Then there is Jacqueline Roth. When I first met Jae, as her friends know her, I was working as a moderator and mentor at one of the largest fanfiction sites on the internet. We were both submitting authors there, and I got to know her after interacting over a story she was submitting. We started to exchange stories, and eventually became part of a great many enterprises together. We are both founding members of an incredible online literary arts journal called eMuse, and for many years we shared a fantastic, but small online writer's critique site. I watched Jae grow over the years from someone who only dreamed of writing, into a woman who thrived. In the last two years she has had several books published through Cerridwen Press and their sister site, Ellora's Cave. She has written some of the most character driven, amazing stories I have ever read. If you've not heard of her, she comes highly recommended. She's got an incredible imagination. Her successes continue to inspire me on a regular basis.

There are so many people that inspire me that were I to name them all, I would literally be sitting in this chair until the latter part of next week. Since it's going on 2 AM, I'll wrap it up here with a simple and humble thank you to all of the people I know who dedicate themselves to following their creative destinies. You are all an amazing inspiration to me, and your successes, both great and small, light a fire under me every day.

On that note, I will say goodnight, and good Friday, apparently in more ways than one.

08 April, 2009

Let the Cards Fall Where They May

When I was fourteen, I got my first deck of tarot cards.
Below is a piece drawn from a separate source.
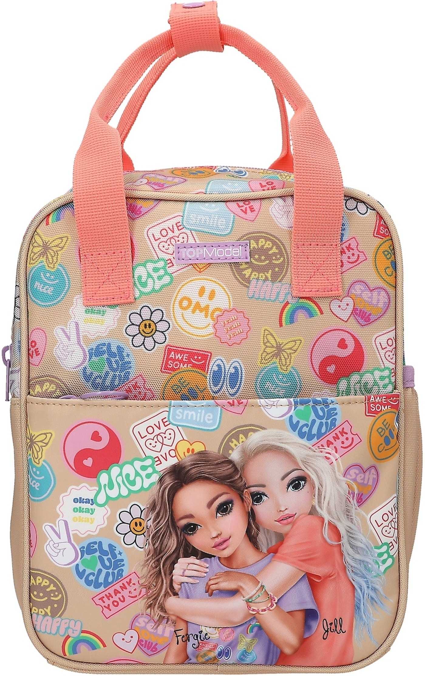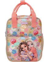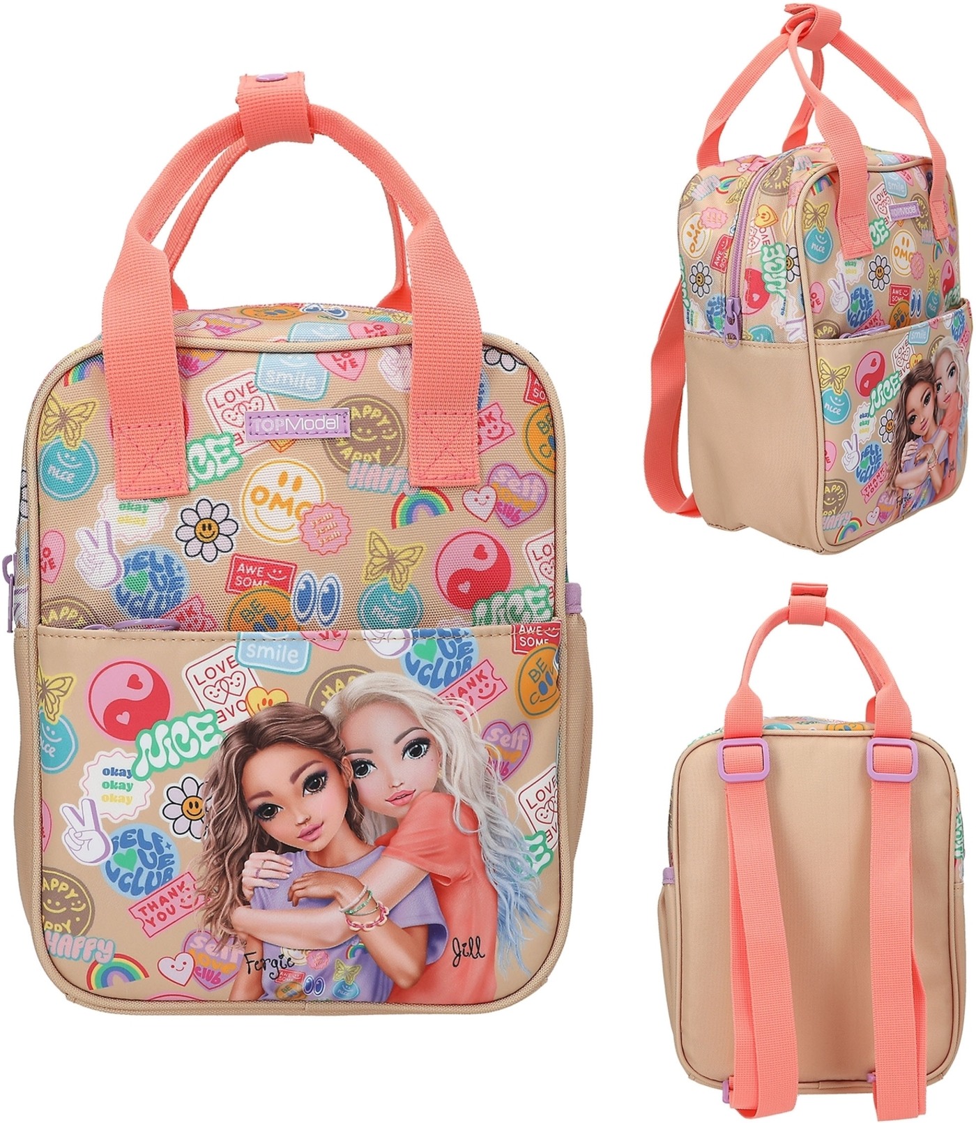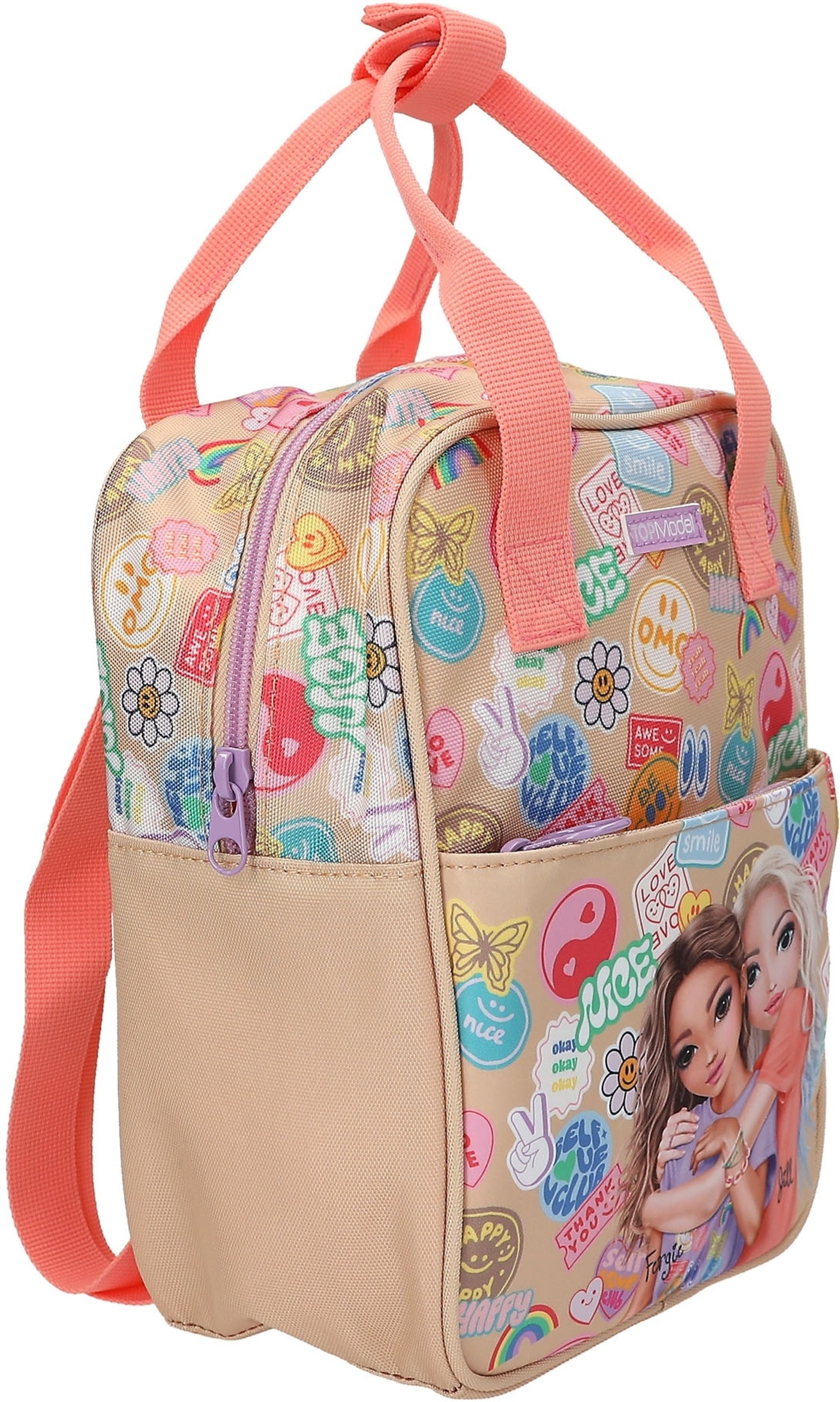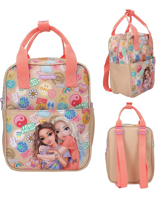 Batch Boom! This small TOPModel backpack in a gorgeous beige and coral colorway features a gorgeous double model motif on the flat front pocket and colorful Batch prints all around.

The Rider Waite deck, which is one of the most well-known and basic decks on the market, it was the only one they had at our local bookstore at the time. A friend I went to school with had done a demonstration speech on how to read tarot cards, and I had to have them.

Long had I been into the metaphysical, checking out books on the Salem Witch Trials and demonic possession from our local library when I was all of about ten years old. Learning to read tarot cards seemed like the next logical step in my journey toward self discovery.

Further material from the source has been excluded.